It appears as though the dust is beginning to settle out West.
The Mountain West Conference, which looked like it would struggle to stay afloat amidst all the conference realignment just a year ago, has now firmly implanted itself in the FBS division landscape for the time being.
When San Diego State announced on January 16 that it would be staying in the Mountain West instead of joining the Big East later this year, the Mountain West officially became a 12-team conference for football starting this coming season.
The Aztecs, perhaps predictably, followed the footsteps of Boise State, who on New Year’s Eve of last year announced that it too would forgo joining the Big East to stay in the conference that makes much more sense geographically for both schools.
Headed by the Broncos, Mountain West commissioner Craig Thompson now has a pretty solid slate of schools that can be counted as full members. Other than Hawaii, which was added as a football-only member to the conference last year, every other school will participate under the MWC umbrella for most of the other sponsored sports (San Diego State and Boise State are an exception for soccer and wrestling, respectively).
With 12 teams for football, the conference has already expressed interest in setting up a conference championship game as early as the 2013 season. According to CBSSports.com’s Dennis Dodd, it is the “full intention” of the Mountain West to split into two divisions and stage a conference title game.
Commissioner Thompson hasn’t made any inclination as to what the two divisions would look like, and made the point not to begin scheduling for the upcoming season after Boise State declared it would stay in the conference, perhaps anticipating the situation. But at any rate, this is a good thing for the conference as a whole.
A conference title game often can only hurt a “Big Six” conference, potentially knocking a team out of national title consideration in the last week of the regular season. In the Mountain West’s case, a conference title game adds another quality victory to the winner’s resume.
Looking at the big picture, a 12-team Mountain West puts some pressure on the committee that oversees the future college football playoff to rethink its initial decision to deny the conference a waiver to automatically qualify for the next two seasons.
In the original plan, five conferences (Big Ten, ACC, SEC, Pac-12 and Big 12) have a built-in partnership with three “contract bowls” that will become part of the equation once the playoff is instituted. Three other “access” bowls will also take the place of the current BCS bowls under the current system.
Under the new system, the sites of the two semifinal playoff games will rotate between the six total bowl games.
If the Mountain West does in fact implement a conference title game, it would become the seventh FBS conference to do so along with the Big Ten, Pac-12, SEC, ACC, MAC and Conference-USA. Four of those other six conferences will have tie-ins to “contract bowls” under the new playoff system.
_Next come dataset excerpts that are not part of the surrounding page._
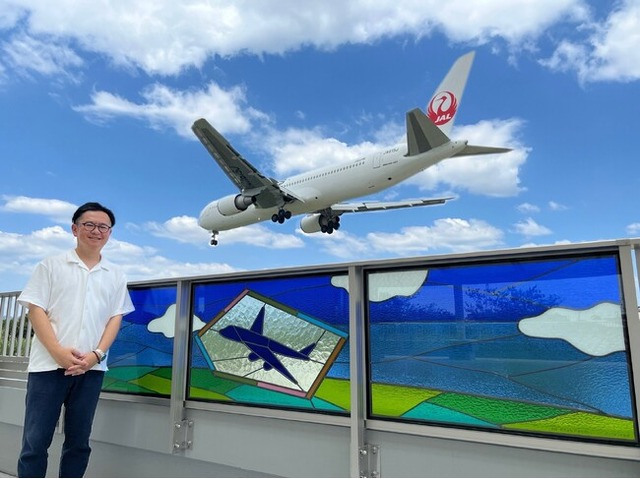 寄贈作品は、幅約3.0mの大型ステンドグラスパネルで、2027年春に全面開園する豊中つばさ公園の未来像をモチーフにしており、大空を飛ぶ飛行機を描いたデザインです。自然光とともに色彩が変化し、背後には本物の飛行機が降下する姿が映り込むという、全国的にも珍しい視覚体験を提供します。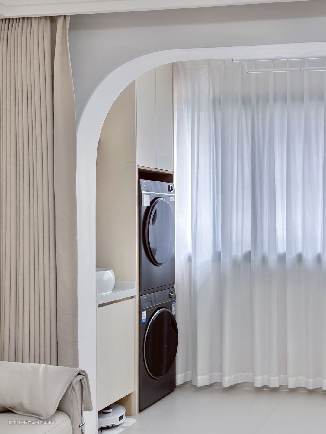 阳台两侧分别做了家政柜,一处是大型电器如洗衣机烘干机、扫地机器人的容身之处,一处是封闭式的柜体,可以放置乱七八糟的清洁工具和维修道具。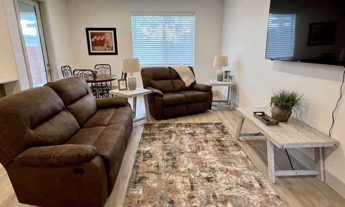 The 5 Smart TVs let you log into your favorite entertainment subscriptions (e.g Netflix, Hulu). Or enjoy old-school leisure chilling on the back patio with provided games, puzzles, playing cards, etc. Bedrooms feature 4 pillows per bed, fresh linens on comfortable mattresses, and spare blankets to stay extra toasty. Bathrooms include shampoo & conditioner, body wash, blow dryers, plush towels, and more. Park in a spacious 2-car private garage keeps your stuff secure and cool in the summer.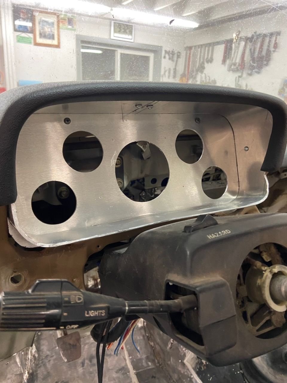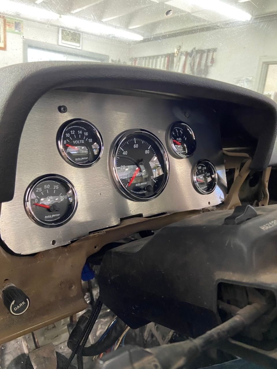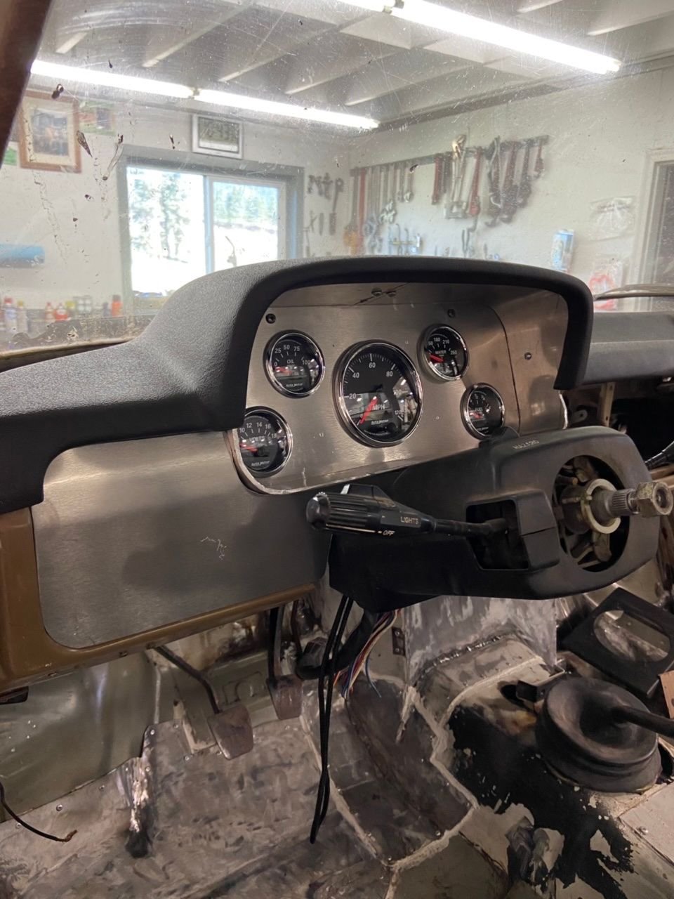 Been getting a fair amount done lately. Started her up for the first time about a month ago, the om617 ran great after sitting for a couple years. Among many other things, I raptorlined the bed, got the lights in, and have been making custom aluminum dash/gauge panel pieces. I really am excited about how it is starting to come together.
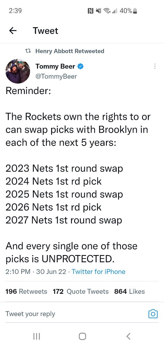 Deleterious Posted June 30, 2022 Author Posted June 30, 2022 Durant is an interesting situation. A player of his caliber be available with 4 years left on his contract and without a no trade clause. Not sure we have ever had this happen. NJ can deal him anywhere and he has almost no say other than threatening not to play. But he misses out on 4 years and $50M a year doing that. Quote

The other two have been relegated to “mid-major” status and have not made any moves to suggest that they will be labeled differently in the near future.
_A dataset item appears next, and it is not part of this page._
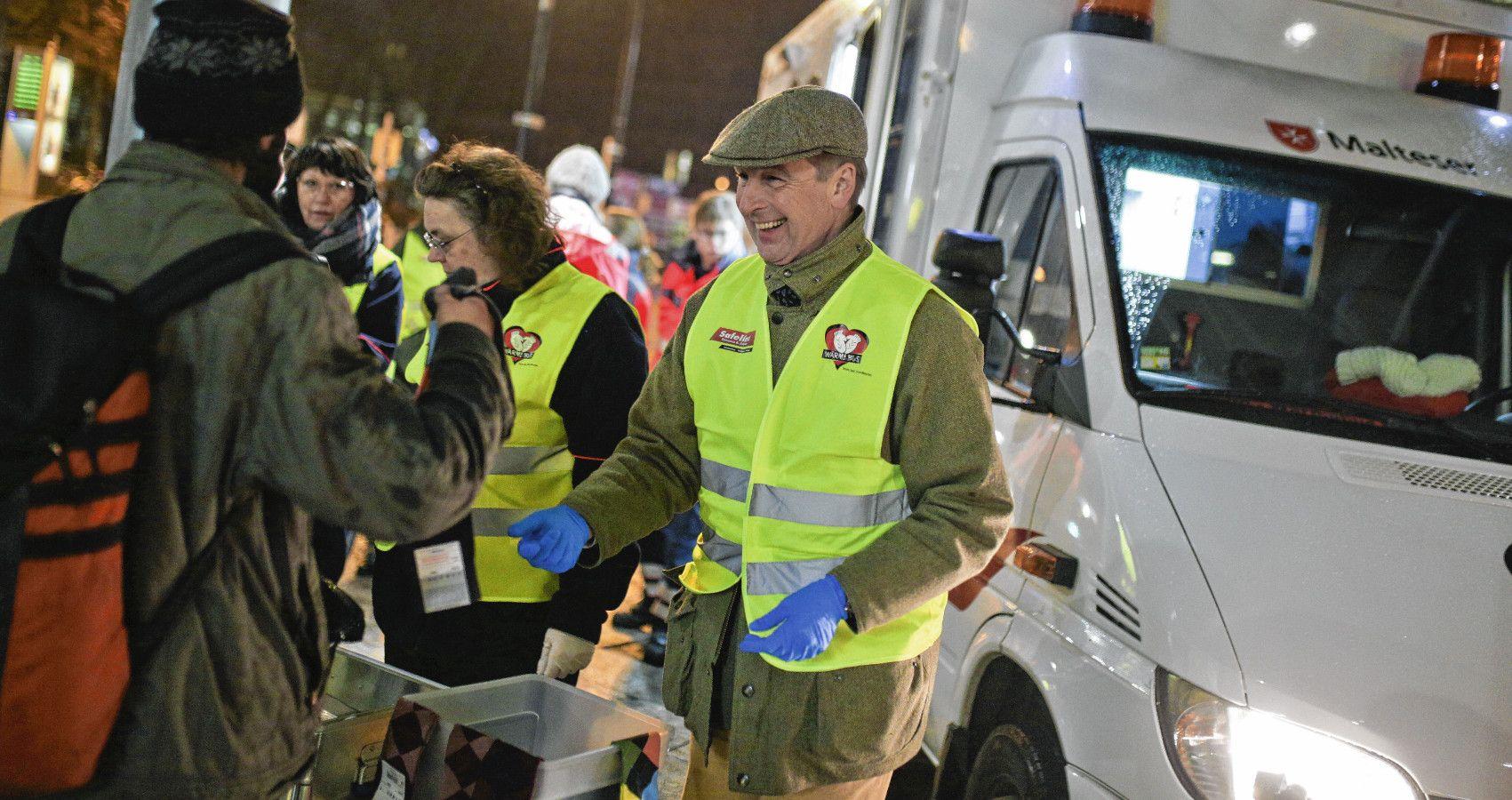 Warme Suppe und Wintersocken hatten die Helfer für die obdachlosen Menschen an Bord. Foto: Simon Jost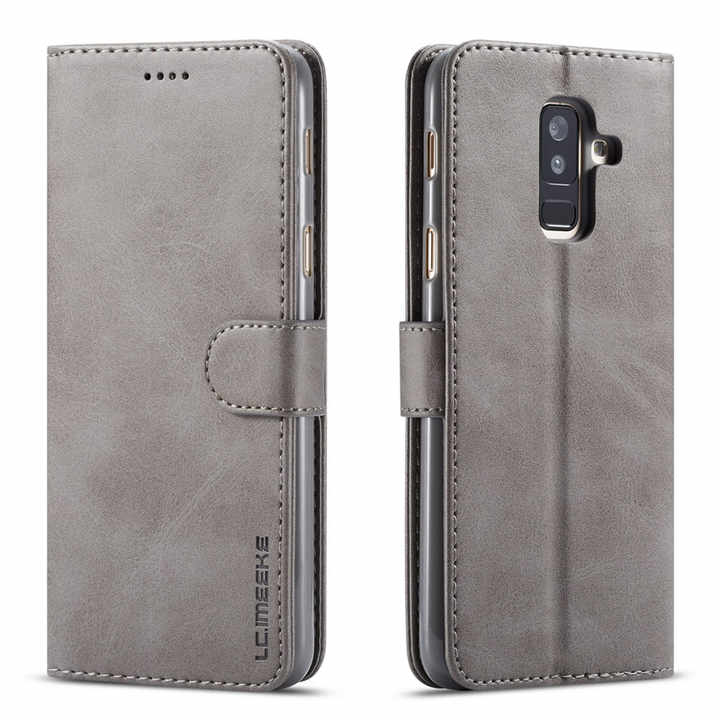 LC.imeeke Wallet case with Buckle for Samsung Galaxy A6/A6 Plus 2018 Flip Magnetic Flip Cover Phone Stand

The same cannot be said of the Mountain West. With Boise State, Utah State, San Diego State and Nevada, a quality argument can be made that the MWC is the sixth best conference in FBS division college football. There will be six major bowl games under the playoff system, and five conferences guaranteed a spot in one of those bowls.
Is the math clear enough yet?
Presumably, there will be an open spot in one of those bowls, even if a deal is made with the power conferences to allow two schools from a particular conference to participate in a major bowl.
In other words, the Mountain West may be preparing for a trial period to prove to the bowl executives that it should be included in the partnership to guarantee a team into one of the major bowls.
It’s not too much to ask, really. Guaranteeing a spot in a major bowl game doesn’t guarantee that the Mountain West will get a team into the playoff every season. But it does assure that the conference will see some of the money that will be distributed to teams participating in the biggest bowls, something that is very important, as well.
Since Boise State agreed to a 50/50 split with the conference of any money that is made from playing in a BCS Bowl game, the Broncos have a lot to gain from the potential setup, as well. Assuring the Mountain West a spot in a major bowl lets Boise State know every conference championship is essentially a major payday.
Why would the school ever leave?
The answer to that question is simple: continued change.
The landscape of college football is not done shifting. Several recent moves by conferences such as the Big Ten and ACC suggest that the major players in the sport want to have 16 teams by the time things have completely settled.
Maybe the Pac-12 will reach out to Boise State in the future looking to become a 16-team league. The school’s academic reputation is improving, and if college football ultimately becomes a sport run by four “super-conferences,” that would be the logical destination.
It is likely that Boise State would jump at the opportunity under such circumstances. That is, to remain relevant in college football.
But right now, it’s hard to predict what exactly the changes will be.
So in the current state of things, Boise State (and every other MWC member for that matter) can enjoy stability, favorable revenue deals and the potential for huge bowl payouts if the conference can position itself to be added to the partnership that will be guaranteed a spot in a major bowl.
Put simply, the new look of the Mountain West Conference has the Broncos sitting pretty for the time being.